The VP debate was almost as thrilling! Unbeknownst to each other, Palin and Biden both felt like they needed to take the edge off beforehand, so they both took massive doses of Ecstasy, hoping to come across as less "angry" on-camera. The result was 90 minutes of the two candidates taking turns rapturously sucking on each other's toes. It was completely horrifying ... and strangely arousing. The two parties' national committees spent the next several days spinning Palin and Biden's foot-fellating prowess.
But presidential candidates aren't the only ones out of their gourd on various substances! For instance, it's a well-known secret around Washington that House Financial Services Committee Chairman Barney Frank, after a hard day of saving the economy, likes to get hepped up on whippits, then wander around his creepy castle dressed like a gay vampire, harassing unsuspecting ordinary Americans who might wander by.

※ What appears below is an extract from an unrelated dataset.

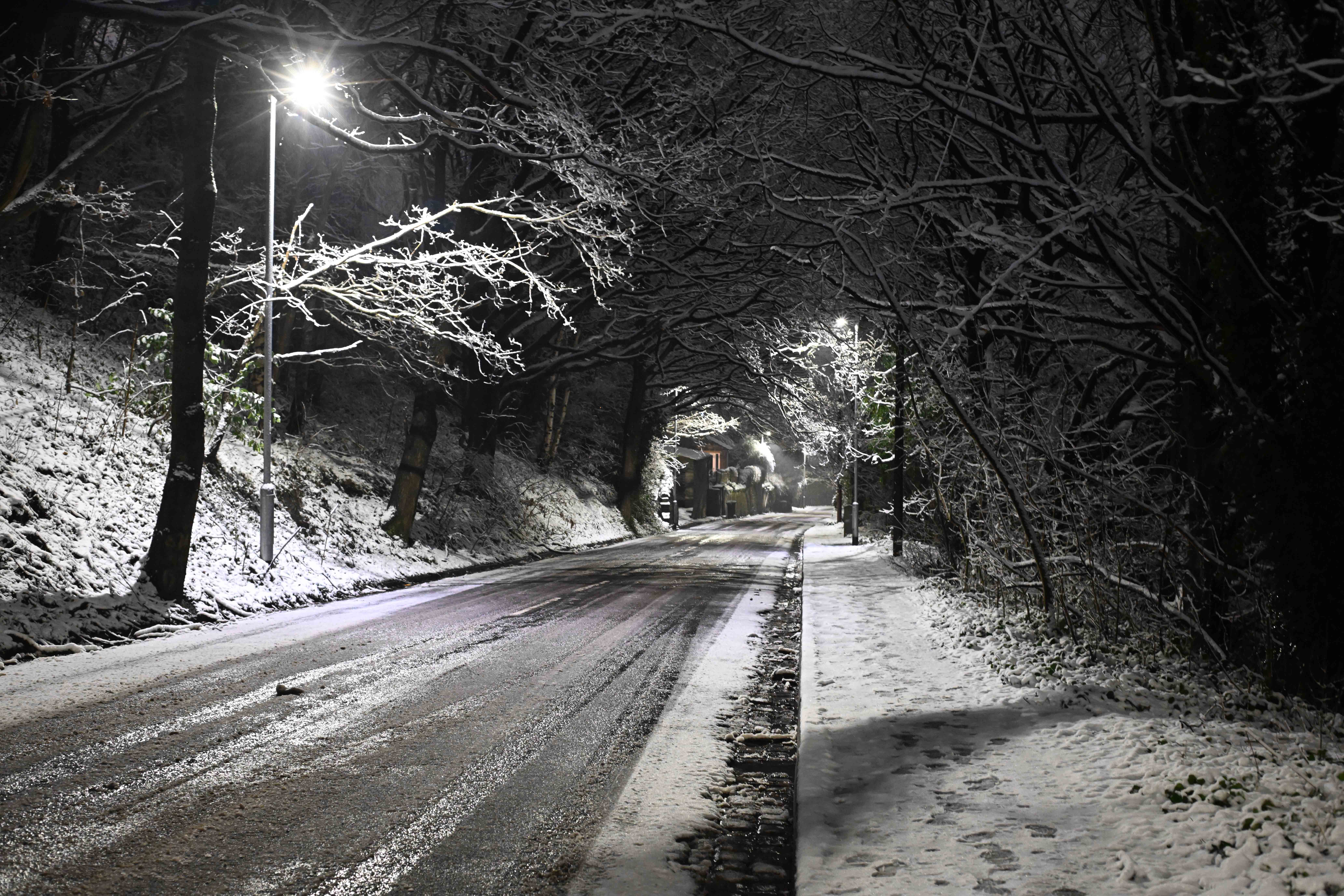 Something I’ve learned to appreciate living here in the Pennines is just how much of a difference a few hundred metres in height can make – especially when it comes to snow. By the time I got down into Sowerby Bridge conditions had changed. I was faced with more miserable sleet and trees completely clear of the white stuff. I’d half-hoped to recreate the picture I posted a couple of days ago but there was no chance. Sowerby station had a light dusting but even the ballast wasn’t covered, making pictures pointless. There was nothing to do for it but slog my way back uphill into the snowline. Here’s a couple of pictures to illustrate the contast.

Meanwhile, in the aftermath of the VP debate, Joe Biden, acclimated to the effects of Ecstasy from his nine years on the West Coast rave circuit, was able to shrug off the drug's effects and go back to the campaign. The more innocent Palin was not so lucky. Here we see her on day six, dressed as a traditional Alaskan Snow-Furry, wandering cheerfully towards her furry friends. They're terrified of her enormous rifle, of course. Silly furries, that's just how they do it in Alaska! With guns!
With all the "cool kids" doing it, you might now be thinking, "Hey! Maybe I should be on drugs." But this cartoon is proof that you should leave that stuff to the professionals. After all, you might think that looking at John McCain is bad, but if you do mescaline, you'll see his severed, Elephant Man-like head popping out of boxes pretty much everywhere. Is that what you want? Of course not! That's why the key is just to stick with good, old-fashioned booze.